One police officer is believed to have died in the attack at the Riau police headquarters in Pekanbaru and several journalists, who were at the police station for an unrelated press conference, were injured. Two other police officers were also injured.
The attack comes as police conduct a massive crackdown on militants who have taken to using children as suicide bombers.
One police officer, who was hit by the car, died in the attack and the four men were shot dead.
Images from the scene show one of them lying dead on the ground with a long bladed machete in his hand.
MORE: Imprisoned terrorists kill five officers
Police have seized three machetes, five face coverings, three pairs of shoes, a damaged handycam, a jacket and watch, he said.
“This is the success of Riau police in foiling this attack from a group of unknown people,” Mr Wasisto said.
A spokeswoman for Foreign Affairs Minister Julie Bishop said the Department of Foreign Affairs and Trade was monitoring the situation closely.
Earlier today, Ms Bishop said if she had a trip planned to Bali at the moment she would still go.
“We encourage people to take responsibility for their own safety. There is a lot of advice set out in the Smart Traveller travel warning and I do urge anyone seeking to travel to Indonesia to read it,” she said.
“People should take care not to be in places where there might be terrorist attacks, to read the advice, to take notice of what local authorities say and to register (with DFAT via Smartraveller) so the Australian missions overseas know they’re in country.”

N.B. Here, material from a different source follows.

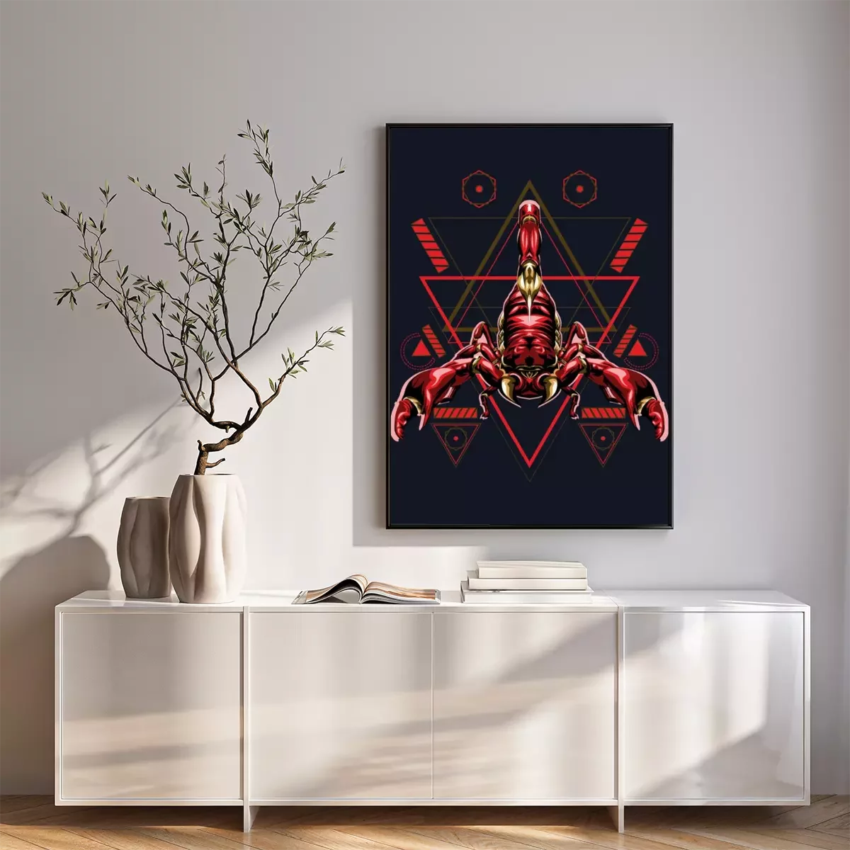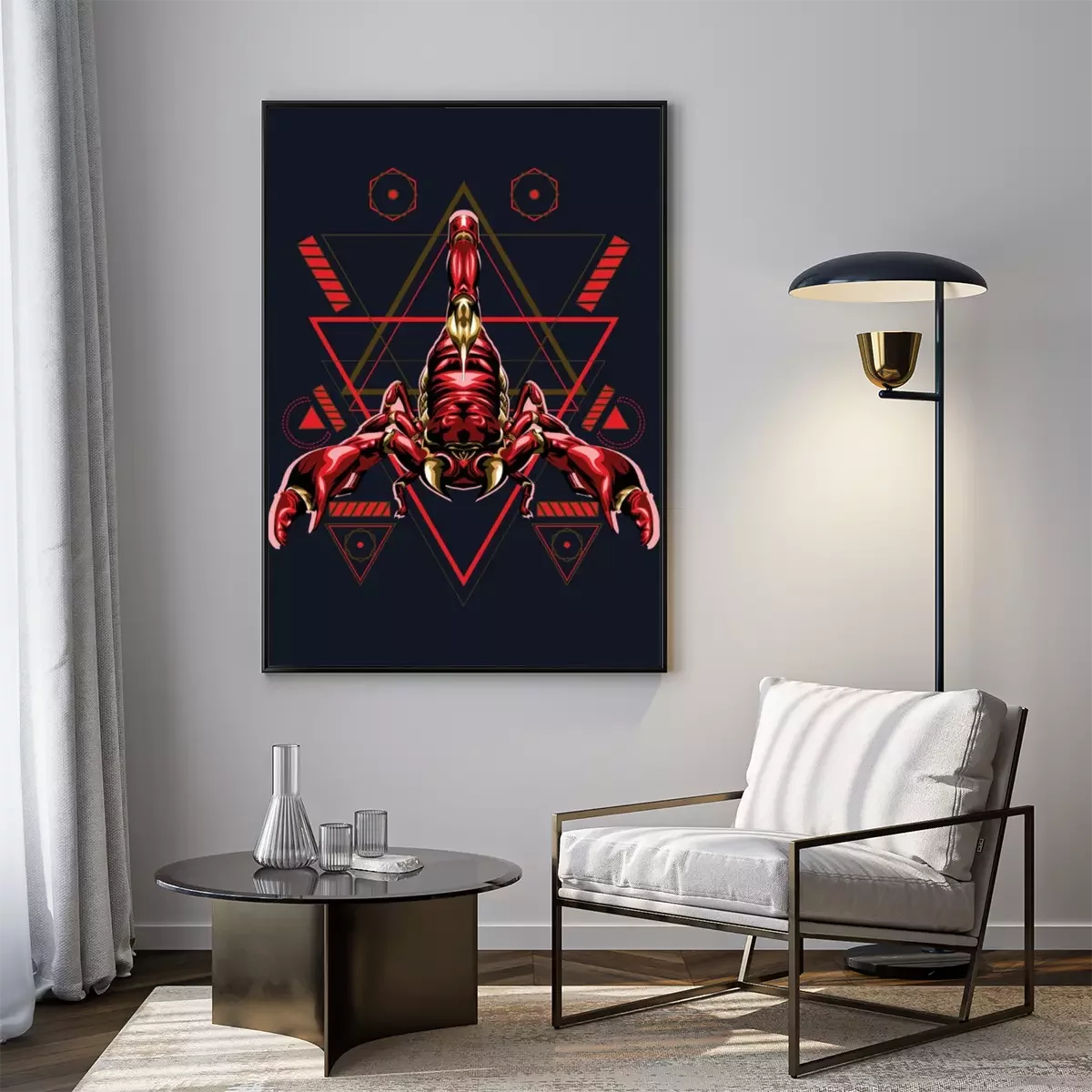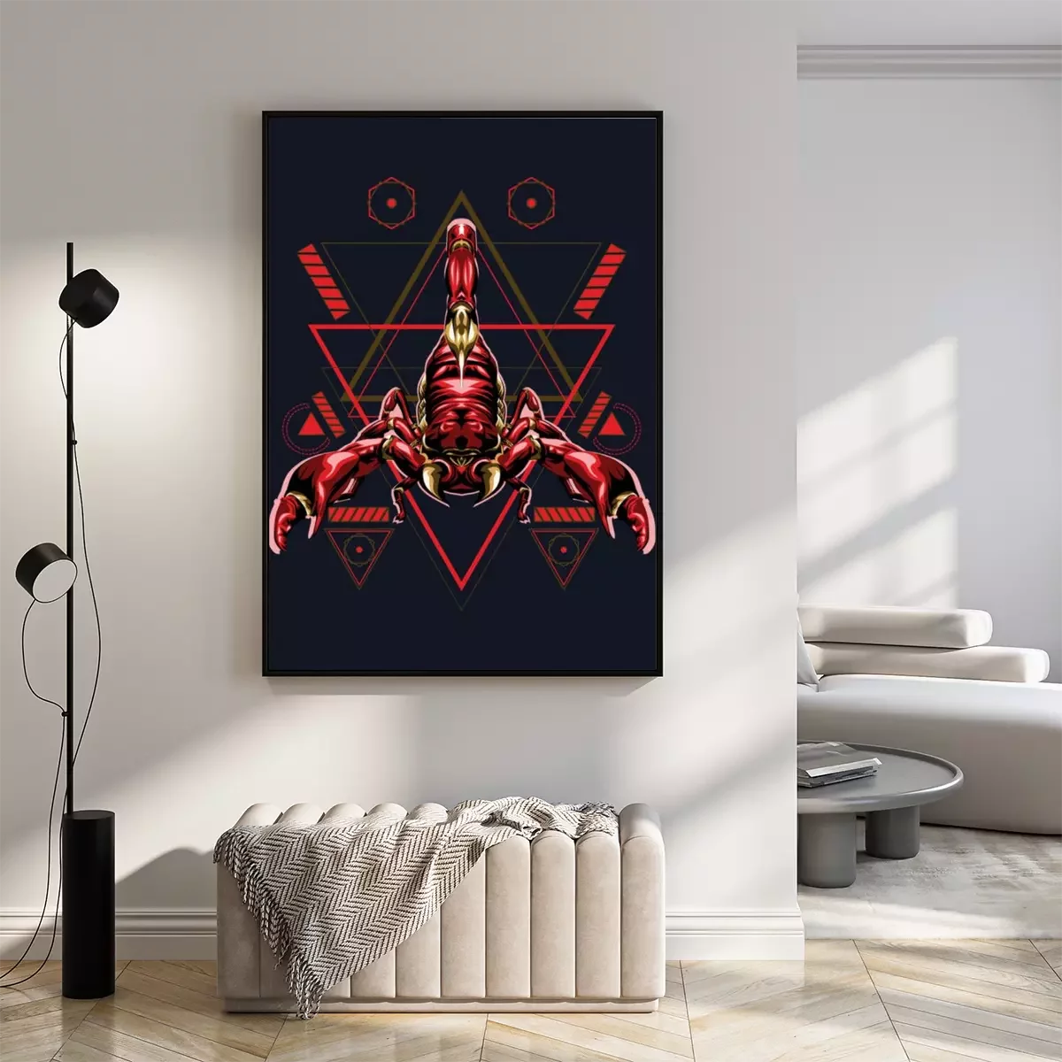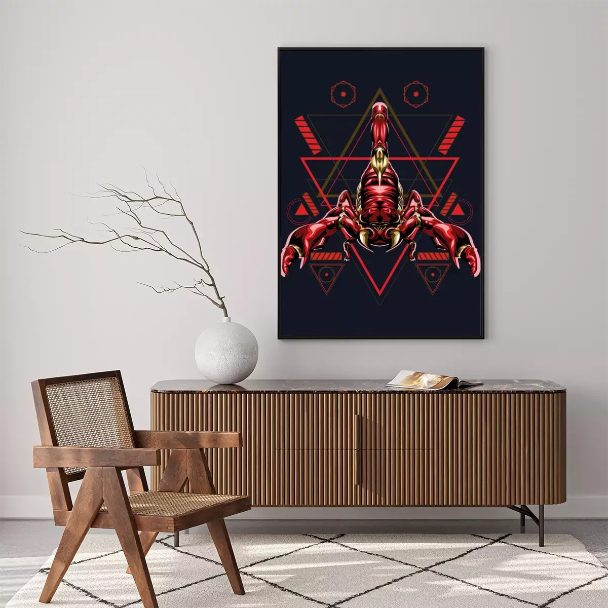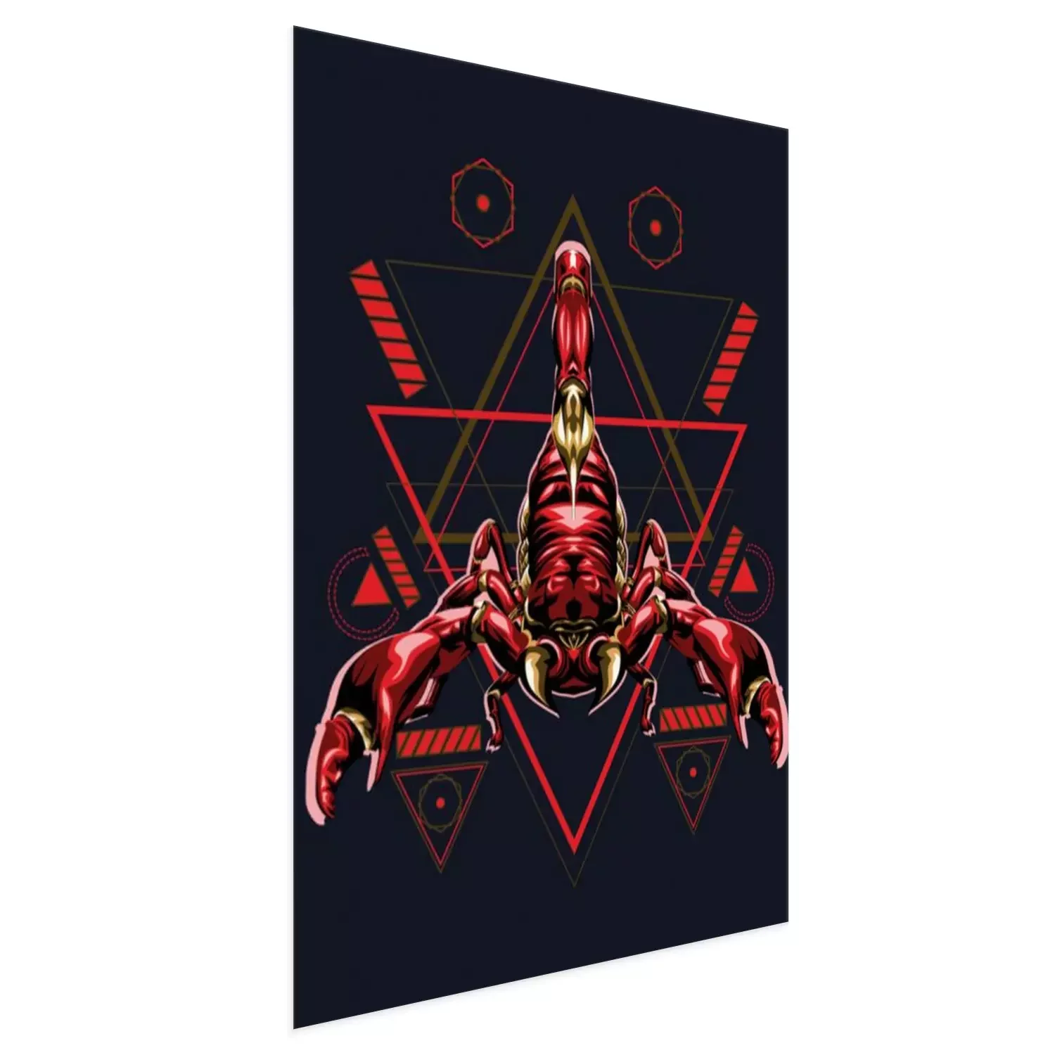 Poster : Graphiques d'un scorpion rouge sur fond de triangles

The latest attack comes after 18 people died on Sunday at three different churches in Surabaya, including the six family members who executed the attacks. Another 41 people were injured in the blasts.
Police chief General Tito Karnavian said the father detonated a car bomb, two sons aged 18 and 16 used a motorcycle for their attack, and the mother and her two daughters wore explosives.

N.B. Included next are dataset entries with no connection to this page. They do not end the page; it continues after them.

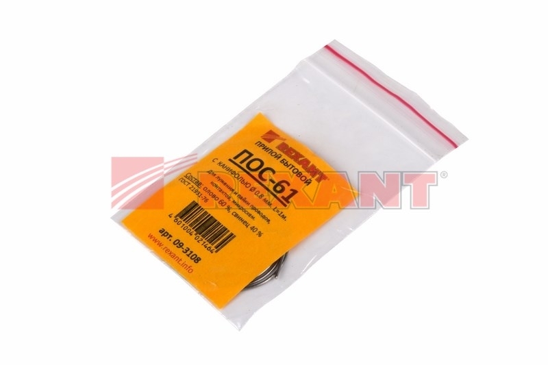 - Припой REXANT ПОС-61, с канифолью, Sn61/Pb39, сечение 0.8мм, температура пайки 190°С - 1шт.
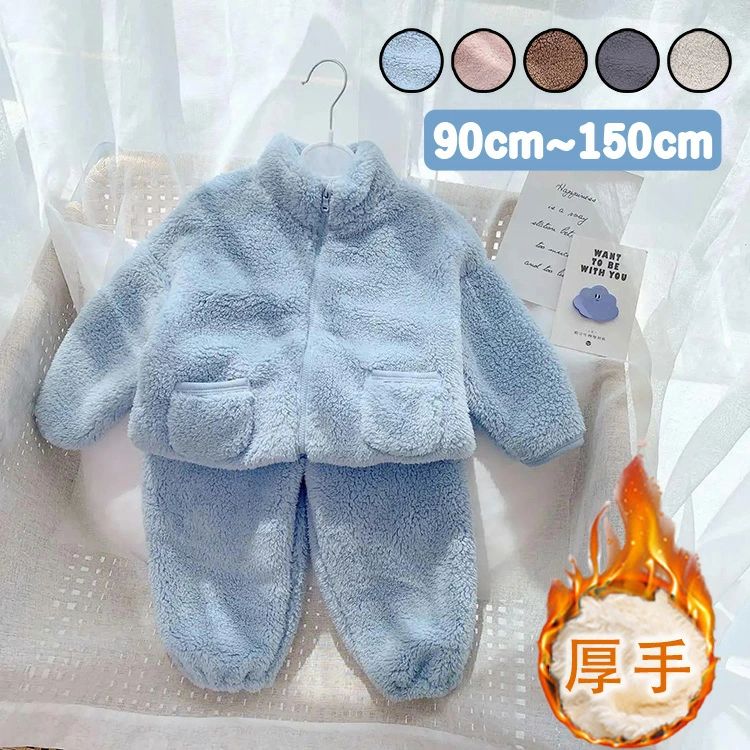 冬 セットアップ 前開き ボア パジャマ 可愛い 部屋着 ルームウエア かわいい 長袖 裏起毛 秋 女の子 上下セット パジャマ 無地 ベビー 赤ちゃん 厚手 セットアップ 110 防寒 モコモコ 送料無料 90 100 長ズボン 120 130 140 キッズ
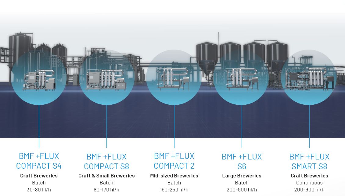 The Pentair BMF +FLUX Compact S8 is a fully automated beer membrane filtration system designed for small and craft breweries.
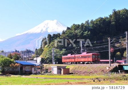 從大月山和菊花山看到的秋天的富士山和富士急線沿線的街道

A matter of hours after the church attacks, three people in one family were killed in an accidental explosion at an apartment in Sidoarjo, not far from Surabaya. It is believed they were making bombs for another attack.
Indonesian police chief General Tito Karnavian said that at a local level the attacks appeared to be revenge for the continued detention and trial of Indonesian terrorist leader, Aman Abdurahman, who is currently before the courts for inspiring the January 2016 attack on a Starbucks café in Jakarta.

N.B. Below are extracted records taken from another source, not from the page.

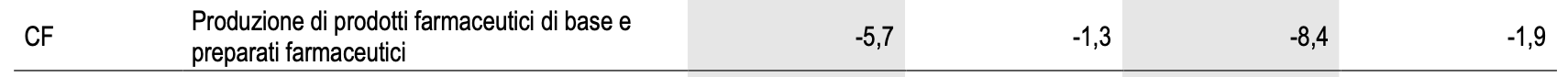 I prodotti farmaceutici di base e preparati farmaceutici anno 24 -1,9% rispetto al 23
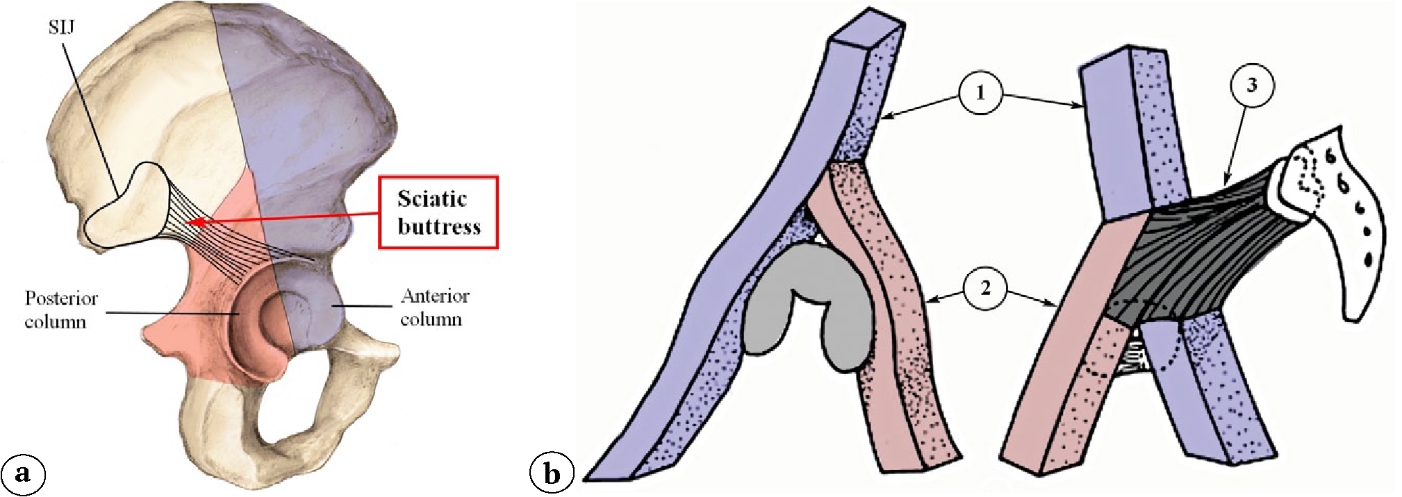 The founder of acetabular surgery, E. Letournel, developed a classification for its fractures based on the two-column concept [14, 15]. The area of dense cancellous bone that participates in transferring axial loads from both columns of the acetabulum to the sacrum is referred to as the “sciatic buttress” (Fig. 11).
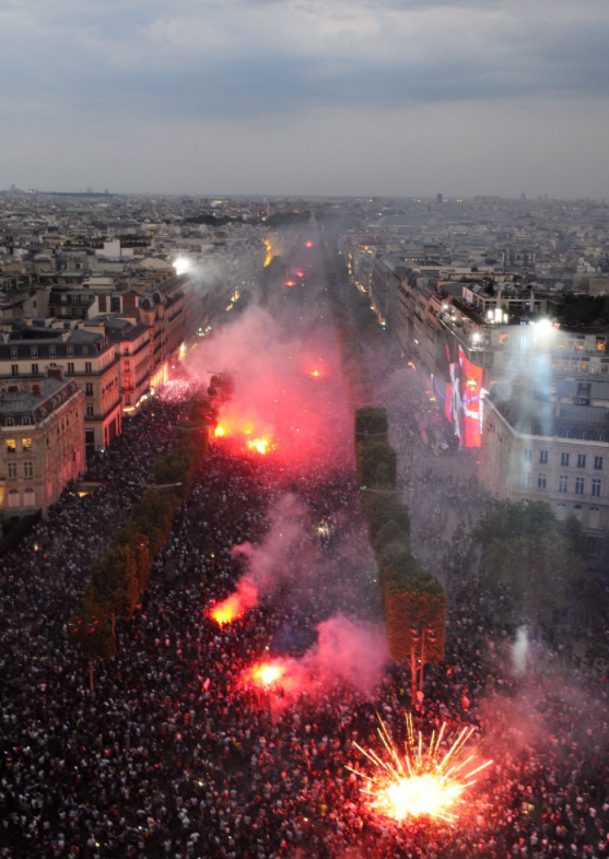 整个巴黎已经火光冲天,燃烧的垃圾桶和汽车堵死了道路,警察只能靠催泪瓦斯死守。

“Using children, this is the first time in Indonesia. A nine-year-old and a 12-year-old kid with a bomb on their waist and then committing suicide,” General Karnavian said, adding this was something frequently done in Syria but never on home soil.
Police have said that the attackers are all members and supporters of Indonesian terror group, Jemaah Ansharut Daulah or JAD, which was formed in 2015 and according to the US State Department is made up of about 24 Indonesian extremist groups who have pledged allegiance to the IS leader Abu Bakr al-Baghdadi.
General Karnavian said the orders for the bombings came from Islamic State central and that pipe bombs were used, made from a chemical called triacetone triperoxide or TATP, a high explosive used in Iraq and Syria where it is called the “Mother of Satan” because of its volatility and ability to cause mass carnage.
The latest wave of Surabaya attacks came just days after a deadly 36-hour standoff in a high-security Jakarta prison housing terrorist inmates, in which five specialist counterterrorist police were killed, along with other terror suspect.